Low-Dose Alfacalcidol Controls Secondary Hyperparathyroidism in Predialysis Chronic Kidney Disease

摘要

In the long term, secondary hyperparathyroidism (sHPT) causes severe osseous and non-osseous problems in patients with chronic kidney disease (CKD). Active vitamin D metabolites, i.e. calcitriol and alfacalcidol, have been utilized for sHPT treatment for more than 20 years. Yet, data on pre-dialysis CKD patients are rather sparse. We monitored alfacalcidol therapy in 1,159 patients with CKD and sHPT in a 12-month multicenter observational study. Virtually all patients were in CKD stages 3-5 at study begin. The patients were recruited from 241 German nephrological centers. The mean alfacalcidol dose at study begin was 0.28 mug per day and 61.8% of patients received alfacalcidol daily (mean dose 0.34 mug); the remainder of the patients received intermittent therapy (mostly 3 times weekly, mean dose 0.19 mug/day). The initial alfacalcidol dose was maintained in 67.5% of patients; it was increased in 22% and decreased in 10.6%. At study end, the mean alfacalcidol dose was 0.32 mug/day. The mean calculated glomerular filtration rate decreased by 2.8 ml/ min during the study (p < 0.001). The mean parathyroid hormone (PTH) concentration decreased from 27.5 to 23.1 pmol/l (p<0.01) in the whole patient group. In the subgroup with intact PTH (iPTH) >20 pmol/l (48.3% of patients), the mean iPTH decreased from 41.3 to 30.9 pmol/l (p < 0.001). In the subgroups with iPTH <20 pmol/l at study begin, iPTH remained constant.
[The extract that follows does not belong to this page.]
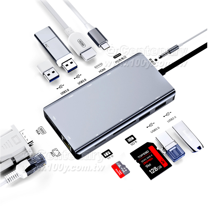 Type-C-11合一-HDMI+VGA+讀卡+網卡

The mean serum calcium increased from 2.23 to 2.31 mmol/l (p < 0.001) and 7.7% of patients had at least one serum calcium value above the normal range. Serum phosphate increased from 1.50 to 1.57 mmol/l (p < 0.001) and phosphate rose above 1.8 mmol/l in 21.5% of patients. Serum calcitriol increased significantly from 20.6 ng/l at baseline to 31.1 ng/l during the last quarter of the study (p < 0.001). iPTH was correlated negatively with kidney function, serum calcium and calcitriol and positively with serum phosphate. The frequency of side effects attributed to alfacalcidol was very low. Taken together, low-dose alfacalcidol prevented progression or caused regression of sHPT in a large cohort of CKD 3-5 patients. There were little effects on serum calcium and phosphate. Due to non-calciotropic activities of calcitriol, the alfacalcidol-induced rise in serum calcitriol could be clinically beneficial. The data support the concept that sHPT should be treated rather early in the course of CKD.